An exact, picture-free copy of the listing is required.

(Supplied material begins)

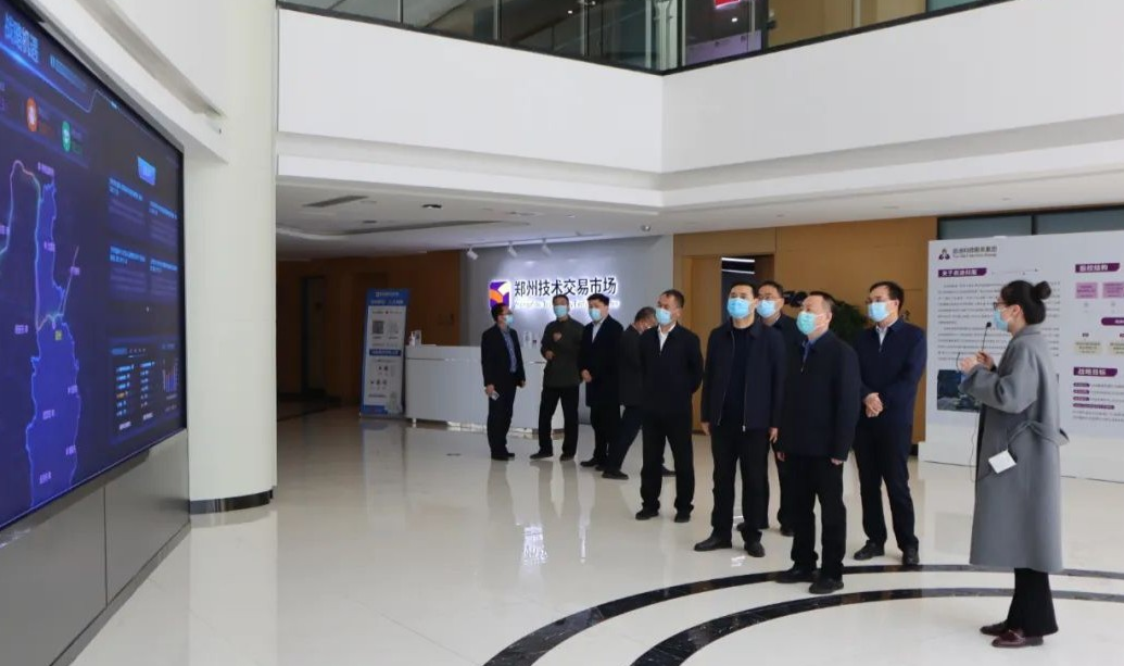 座谈后,一行人员来到中原龙子湖智慧岛参观了郑州技术交易市场,详细了解了技术交易市场的建设、运营等情况。
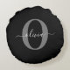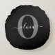 Personalised Monogram Script Name Black White Grey Round Cushion
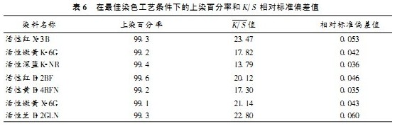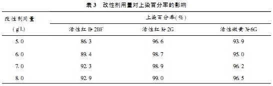 從表3可以看出,當堿劑用量不變時,隨著改性劑用量的增加,染料的上染百分率得到較明顯的提高;但當改性劑用量從7.0g/L增大到8.0g/L時,染料上染百分率變化不大,由此得出結論,改性劑的最佳用量為7.0g/L。

(Supplied material ends)

◆ Response area
 座谈后,一行人员来到中原龙子湖智慧岛参观了郑州技术交易市场,详细了解了技术交易市场的建设、运营等情况。
 Personalised Monogram Script Name Black White Grey Round Cushion
 從表3可以看出,當堿劑用量不變時,隨著改性劑用量的增加,染料的上染百分率得到較明顯的提高;但當改性劑用量從7.0g/L增大到8.0g/L時,染料上染百分率變化不大,由此得出結論,改性劑的最佳用量為7.0g/L。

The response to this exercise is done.